PII Redaction during tracing to Arize

Example Google Colab

In some situations, there is a need to redact or remove sensitive, personal identifiable information (PII) from your traces. In such a case, using a custom span processor that redacts PII from your spans during OTEL export can be very useful.

The goal of this documentation is to provide an example custom span processor that redacts PII information on any span using Regex patterns. Note that, even though this example uses regex patterns, the span processor can be customized with more advanced PII detection frameworks like Microsoft Presidio.

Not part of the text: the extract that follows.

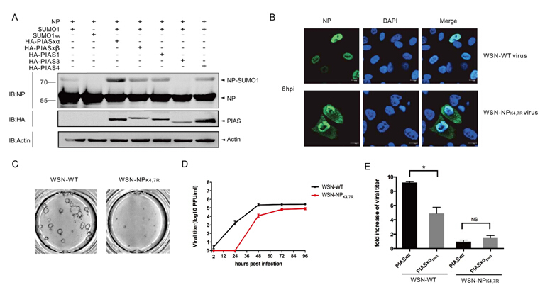 课题组在2010年首次报导流感病毒NS1蛋白可利用宿主翻译后修饰—SUMO化修饰—促进病毒生长(Journal of Virology, 2011,Jan. 85(2):1086–98.),深入研究发现,流感病毒核蛋白NP同样利用人细胞的SUMO修饰系统将自身进行翻译后修饰。NP蛋白是负责病毒基因组复制的重要组成部分,是目前抗病毒药物研发的主要靶点。利用流感病毒反向遗传学系统,研究人员拯救出SUMO化功能缺失的WSN-NPK4,7R病毒,该病毒在病毒生长和空斑形成上都明显减弱,并且存活周期很短,极易发生回复突变,这说明NP的SUMO化修饰对病毒存活和复制至关重要。SUMO化修饰确保了NP蛋白的细胞核内定位,为流感病毒基因组的复制和包装提供必要的时间。研究人员还找到了调控NP蛋白SUMO化的特异性E3酶PIASxa。过表达PIASxa可以显著促进病毒复制,而E3酶活缺失的突变体PIASxamut则对病毒复制没有影响。更为重要的是,NP蛋白的SUMO化修饰在几乎所有亚型的病毒中普遍存在,包括高致病性的H5N1病毒和新近发现的H7N9病毒。该研究不仅揭示了重要的流感病毒致病机理,并且提示了病毒SUMO化修饰可作为开发广谱抗流感病毒药物的潜在靶点。

If you want to completely hide the inputs and outputs of your traces, check out the Mask Span Attributes docs.

Let's create an example custom span processor to detect and redact PII data. In OpenTelemetry, every span processor needs to have the following methods:

  • on_start(span, parent_context): Handle span initialization

  • on_end(span): Process completed spans

  • shutdown(): Clean up resources

  • force_flush(timeout_millis): Handle immediate processing needs

We'll use the on_end(span)to redact PII data from different data types by defining regex patterns. The given example below supports the following types of PII:

  • Email addresses

  • Phone numbers (US format)

  • Social Security Numbers (SSN)

  • Credit card numbers

  • IP addresses

  • Dates of birth

Note that, you can always pass in additional patterns of your choice to the custom spans processor below!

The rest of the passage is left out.